The sensitivity of SPR allows detecting most structural changes in a sample. However, quantitative interpretation is like for SAXS, dependent on the assumptions made for modeling the data. Developing new models for SPR data analysis is therefore the prime vehicle for conquering new areas of application. For instance, the authors have in earlier publications used coherent scattering theory that gives the effective refractive index of particle dispersions for extracting the concentrations and mean diameters of colloidal polystyrene particles.[29] This approach was later used for measuring the frequency of neurotransmitter exocytosis events from PC12 cells cultured on the SPR surface.[36]
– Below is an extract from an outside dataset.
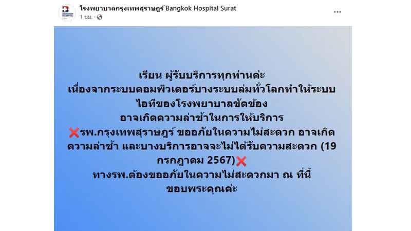 เช่นเดียวกับ โรงพยาบาลกรุงเทพสุราษฎร์ Bangkok Hospital Surat โพสต์แจ้งประชาชนที่เข้ามาใช้บริการ โดยระบุว่า เนื่องจากระบบคอมพิวเตอร์บางระบบล่มทั่วโลกทำให้ระบบไอทีของโรงพยาบาลขัดข้อง อาจเกิดความล่าช้าในการให้บริการ

It was here demonstrated that interpreting SPR angle shifts upon altering the chemical environment as changes in the distance between the two CDH domains gave results that are in accordance and complement earlier electrochemical and SAXS-based studies. It was possible to detect subnanometer movements of the domains with respect to each other, and it was shown how electrons reaped from the substrate push the two domains apart as they both become negatively charged.

SPR is a more accessible alternative to SAXS for immobilized protein characterization, as it only requires widely available benchtop equipment, with no need to be admitted to synchrotron facilities.